- _Required work_: Give exactly the lines from the one that contains "出張 営業 カジュアル" through the end of the entries below, both included; the pictures stay out.

++++++++++

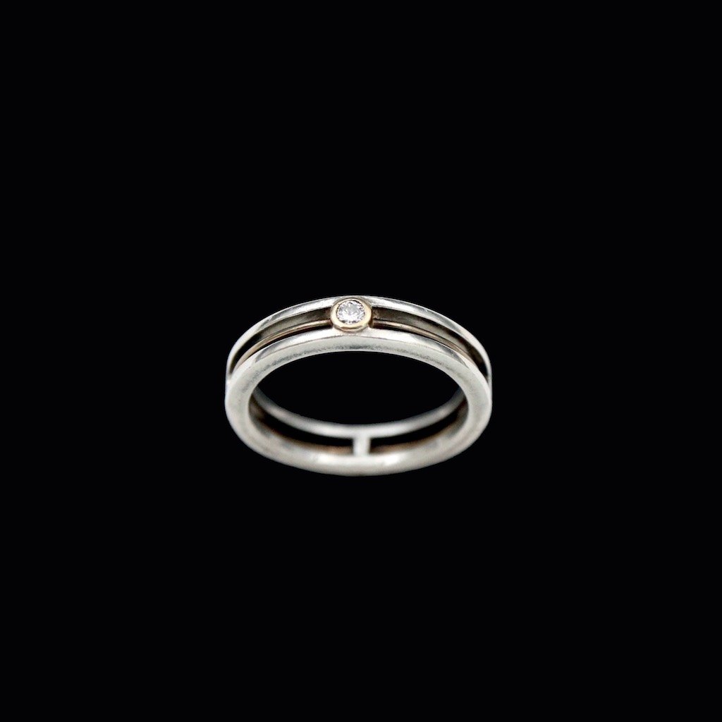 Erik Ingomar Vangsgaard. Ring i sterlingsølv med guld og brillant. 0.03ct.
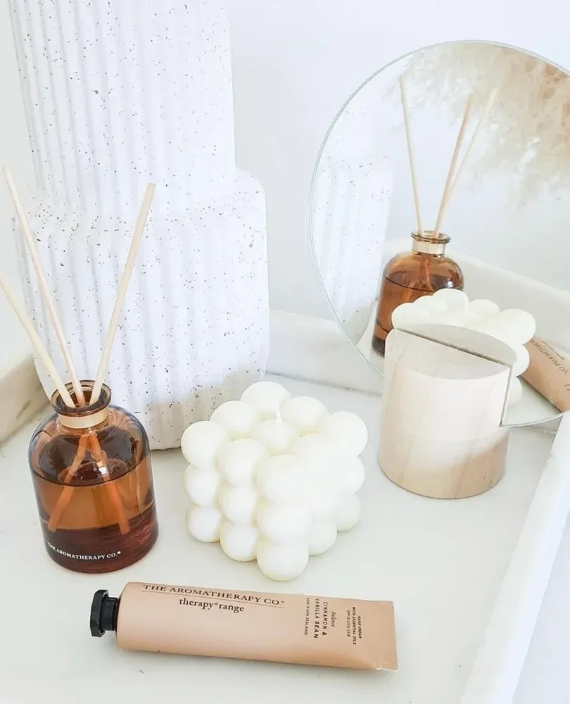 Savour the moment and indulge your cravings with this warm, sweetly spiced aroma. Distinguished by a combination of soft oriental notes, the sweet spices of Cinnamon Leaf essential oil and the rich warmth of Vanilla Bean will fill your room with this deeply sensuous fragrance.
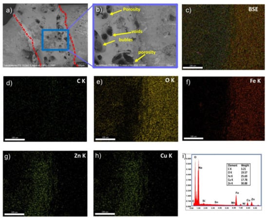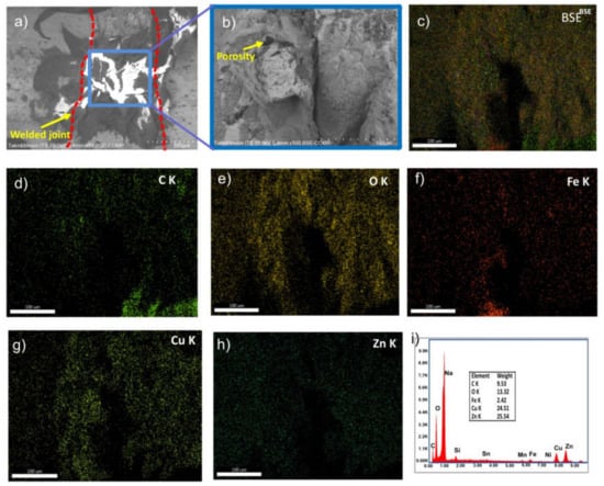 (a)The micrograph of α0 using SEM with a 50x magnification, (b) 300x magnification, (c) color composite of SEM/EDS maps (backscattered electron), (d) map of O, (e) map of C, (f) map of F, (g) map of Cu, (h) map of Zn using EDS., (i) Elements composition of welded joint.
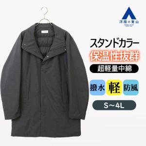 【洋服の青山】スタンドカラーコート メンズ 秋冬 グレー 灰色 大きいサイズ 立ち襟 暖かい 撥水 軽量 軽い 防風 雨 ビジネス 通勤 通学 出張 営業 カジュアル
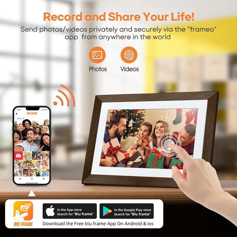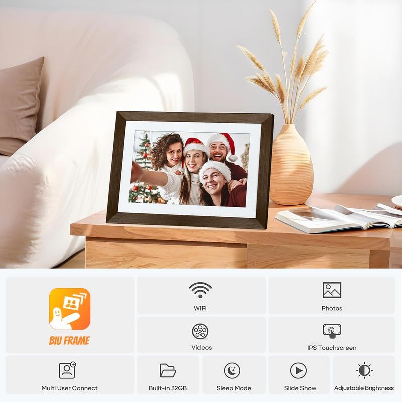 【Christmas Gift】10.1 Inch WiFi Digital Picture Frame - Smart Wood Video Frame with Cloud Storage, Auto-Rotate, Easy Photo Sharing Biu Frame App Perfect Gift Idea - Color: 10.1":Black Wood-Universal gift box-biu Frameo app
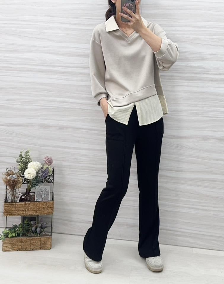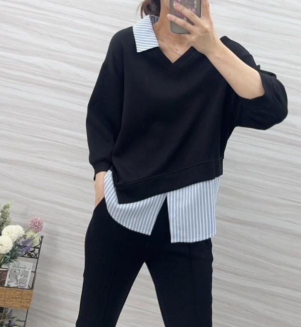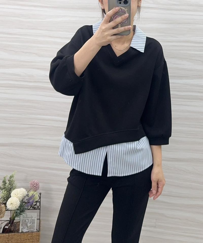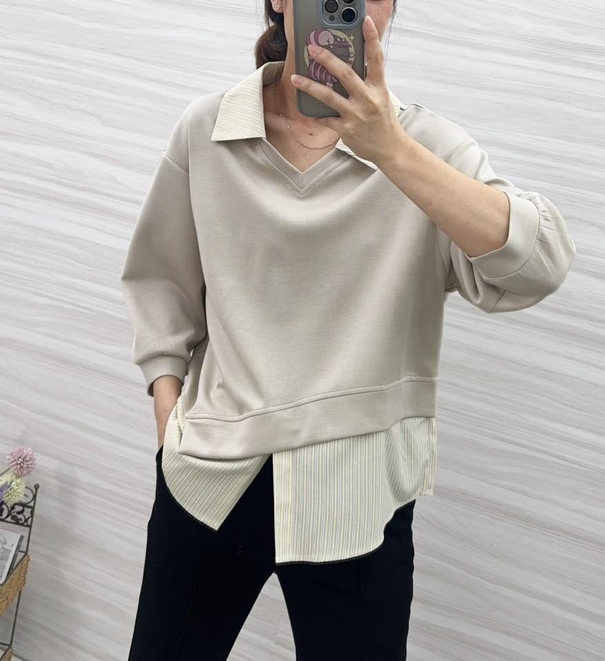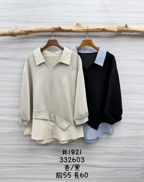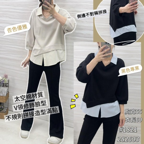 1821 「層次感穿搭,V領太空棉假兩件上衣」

++++++++++

- _Answer for this exercise_:
 【洋服の青山】スタンドカラーコート メンズ 秋冬 グレー 灰色 大きいサイズ 立ち襟 暖かい 撥水 軽量 軽い 防風 雨 ビジネス 通勤 通学 出張 営業 カジュアル
 【Christmas Gift】10.1 Inch WiFi Digital Picture Frame - Smart Wood Video Frame with Cloud Storage, Auto-Rotate, Easy Photo Sharing Biu Frame App Perfect Gift Idea - Color: 10.1":Black Wood-Universal gift box-biu Frameo app
 1821 「層次感穿搭,V領太空棉假兩件上衣」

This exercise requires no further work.